A CHARITY that seeks to help people experiencing homelessness – including by providing ‘starter packs’ of crockery, bedding and pans, etc when moving into a new home – has been named among the successful projects to receive funding, as chosen by the people of Edinburgh.

Fresh Start is to receive £20,000 from a ‘participatory budgeting’ fund, where the destination of £140,000 has been decided by local people.

Say organisers, The City of Edinburgh Council, there were 2,510 voters who (in a multiple choice ballot) cast 10,025 votes between them.

Fresh Start was one of eight successful projects (from 56 applicants – here), the others being:

  • Lauriston Farm Community Outdoor Kitchen;
  • Edinburgh Building Retrofit & Improvement Collective;
  • Cargo Bike Movement food sharing project;
  • SHRUB Cooperative Wee Spoke Hub;
  • Rhyze Mushrooms: Micro mushroom farms for three community cafes;
  • Edinburgh Remakery: tech donation boxes for schools; and
  • Porty Community Energy: cosy homes and cargo bikes.

Says The City of Edinburgh Council, here: “Due to the high number of proposals submitted, £40,000 worth of extra funding was exceptionally made available in addition to the original £100,000, to allow as many projects to go ahead as possible. Given the high quality of the remaining projects that applied for funding, work will be undertaken to signpost groups to other opportunities to progress their ideas where possible.

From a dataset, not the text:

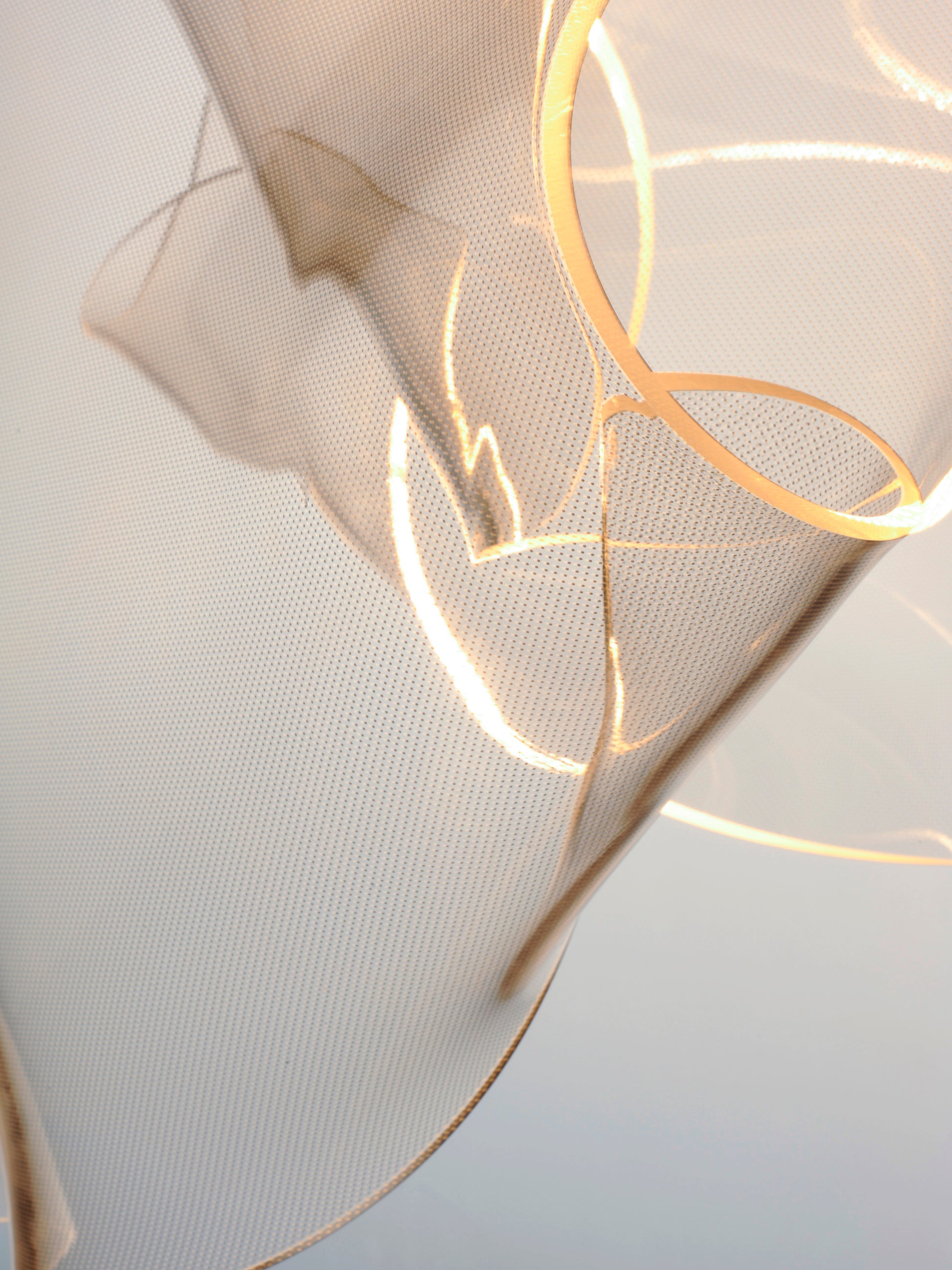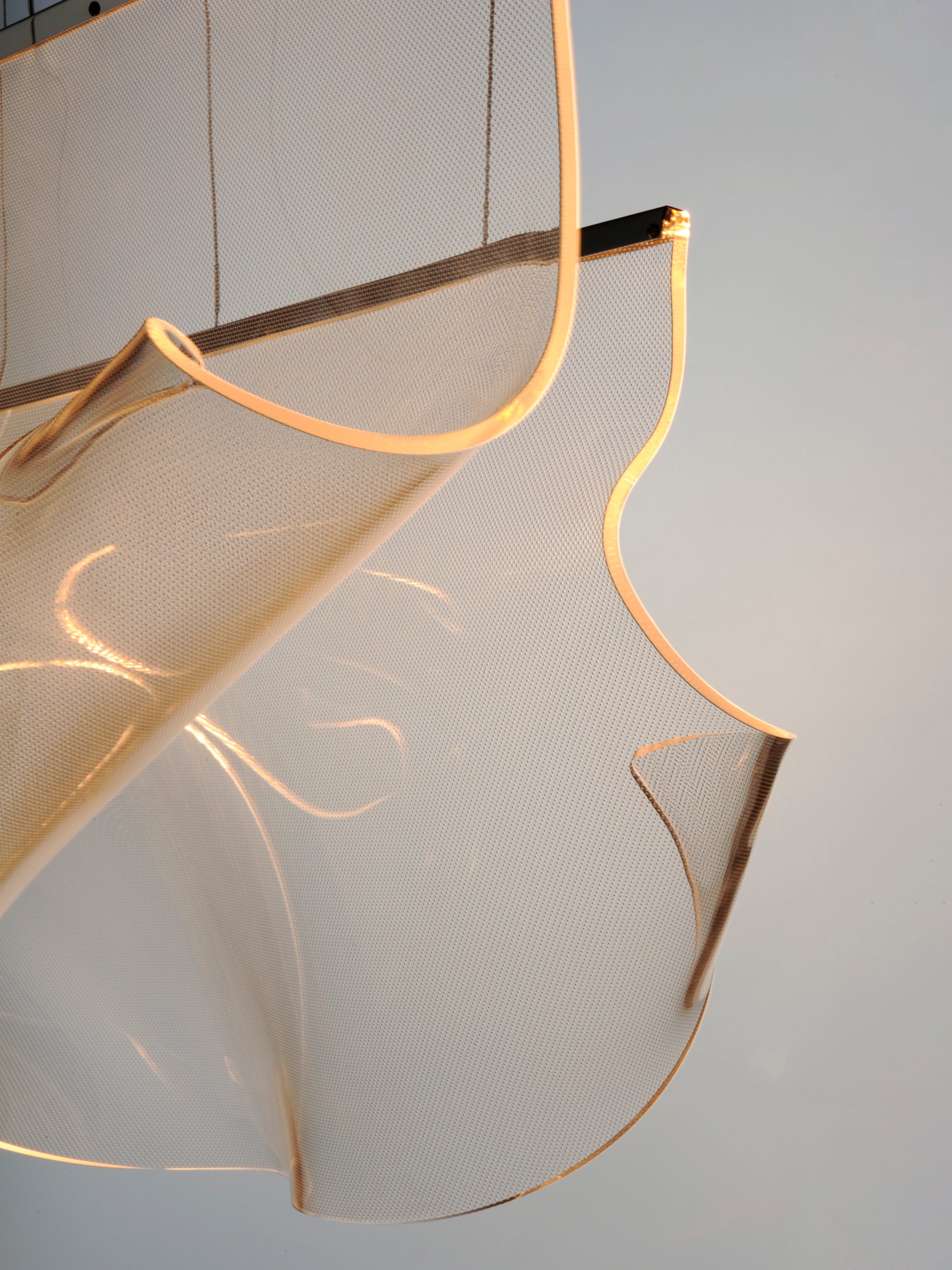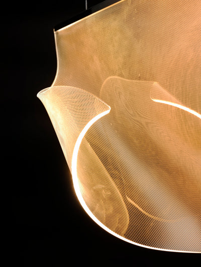 An airy arrangement of abstract forms, the Rinkle pendants feature sheets of transparent acrylic shaped by hand. The light guided acrylic captures the glow of energy efficient LEDs recessed within strips of shining stainless steel, obscuring the source of illumination. Delicately suspended by a series of thin wires, the pendants appear to be floating in an adjustable configuration of weightless light sculpture. Available in Polished Chrome, French Gold, and Brushed Gunmetal, its unique design adds a showstopping element to interior spaces.

“The initiative was designed to support the delivery of the Council’s climate change targets together with providing learning to inform the wider approach to participatory budgeting (PB). Participatory budgeting is a way for citizens to have a direct say on how money is spent. In Edinburgh, Participatory Budgeting has been used as an approach to distribute funding since 2010.”